* _TASK DIRECTIONS_
From the records below, transcribe exactly the lines that begin at the line with "Algunos tumores hipofisiarios" and end at the line with "İtalyan stil slim", both included.

* _MATERIAL FOR THIS EXERCISE_
....
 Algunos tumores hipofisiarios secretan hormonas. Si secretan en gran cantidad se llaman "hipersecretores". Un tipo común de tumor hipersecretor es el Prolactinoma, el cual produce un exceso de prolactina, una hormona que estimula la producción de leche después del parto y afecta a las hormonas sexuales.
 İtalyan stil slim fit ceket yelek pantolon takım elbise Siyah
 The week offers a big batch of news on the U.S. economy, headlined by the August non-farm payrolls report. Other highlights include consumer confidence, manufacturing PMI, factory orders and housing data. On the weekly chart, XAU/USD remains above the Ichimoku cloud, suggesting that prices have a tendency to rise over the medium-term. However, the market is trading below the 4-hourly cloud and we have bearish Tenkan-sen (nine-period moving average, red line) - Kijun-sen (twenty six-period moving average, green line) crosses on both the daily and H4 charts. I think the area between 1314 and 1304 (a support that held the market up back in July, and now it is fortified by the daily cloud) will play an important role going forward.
....
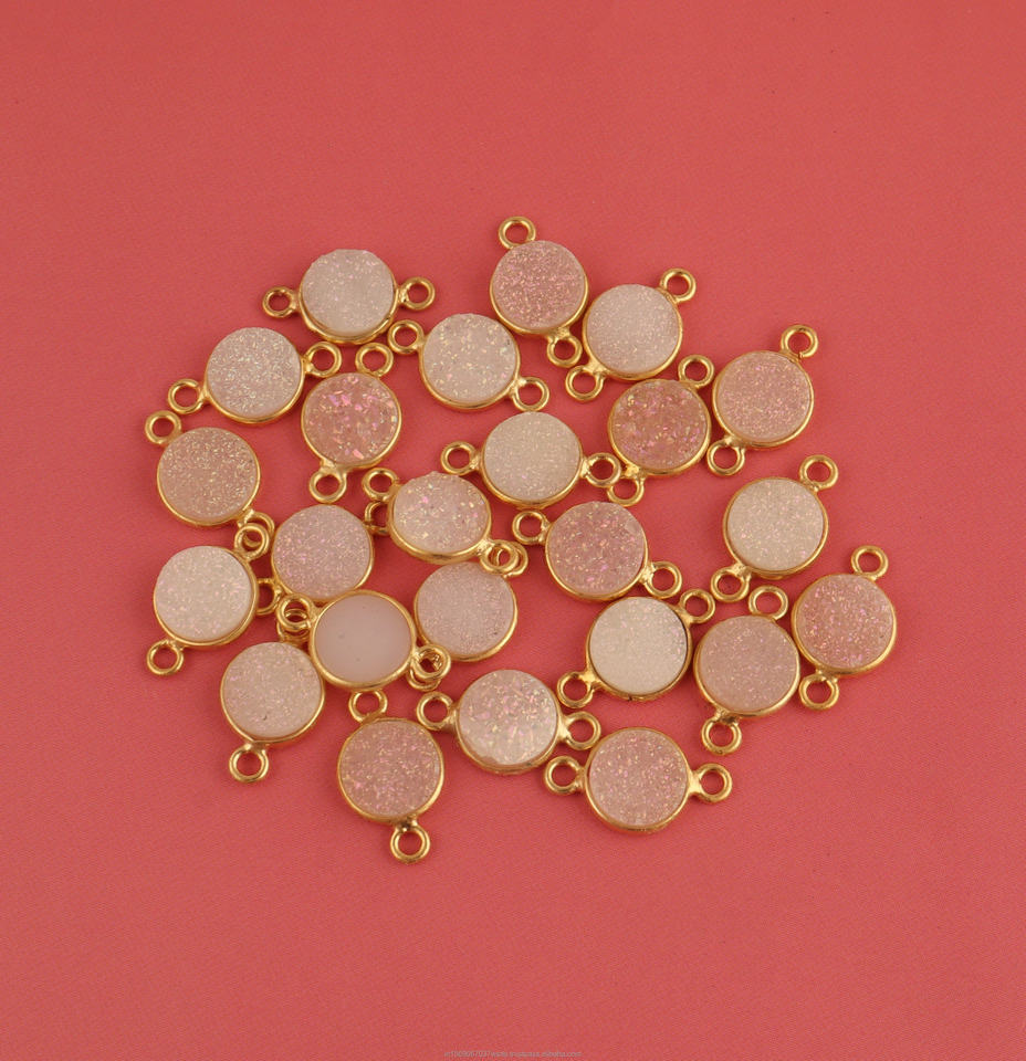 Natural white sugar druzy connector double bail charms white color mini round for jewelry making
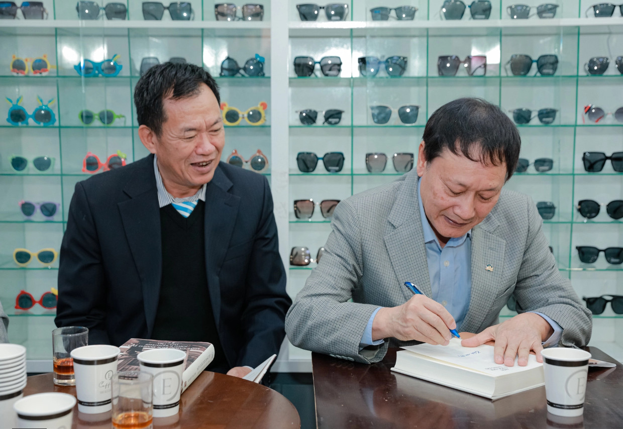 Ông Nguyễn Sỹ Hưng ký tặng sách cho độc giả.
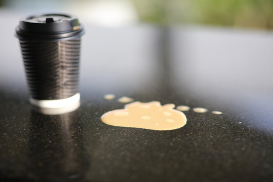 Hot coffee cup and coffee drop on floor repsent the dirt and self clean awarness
....
* _ANSWER FOR THIS EXERCISE_
 Algunos tumores hipofisiarios secretan hormonas. Si secretan en gran cantidad se llaman "hipersecretores". Un tipo común de tumor hipersecretor es el Prolactinoma, el cual produce un exceso de prolactina, una hormona que estimula la producción de leche después del parto y afecta a las hormonas sexuales.
 İtalyan stil slim fit ceket yelek pantolon takım elbise Siyah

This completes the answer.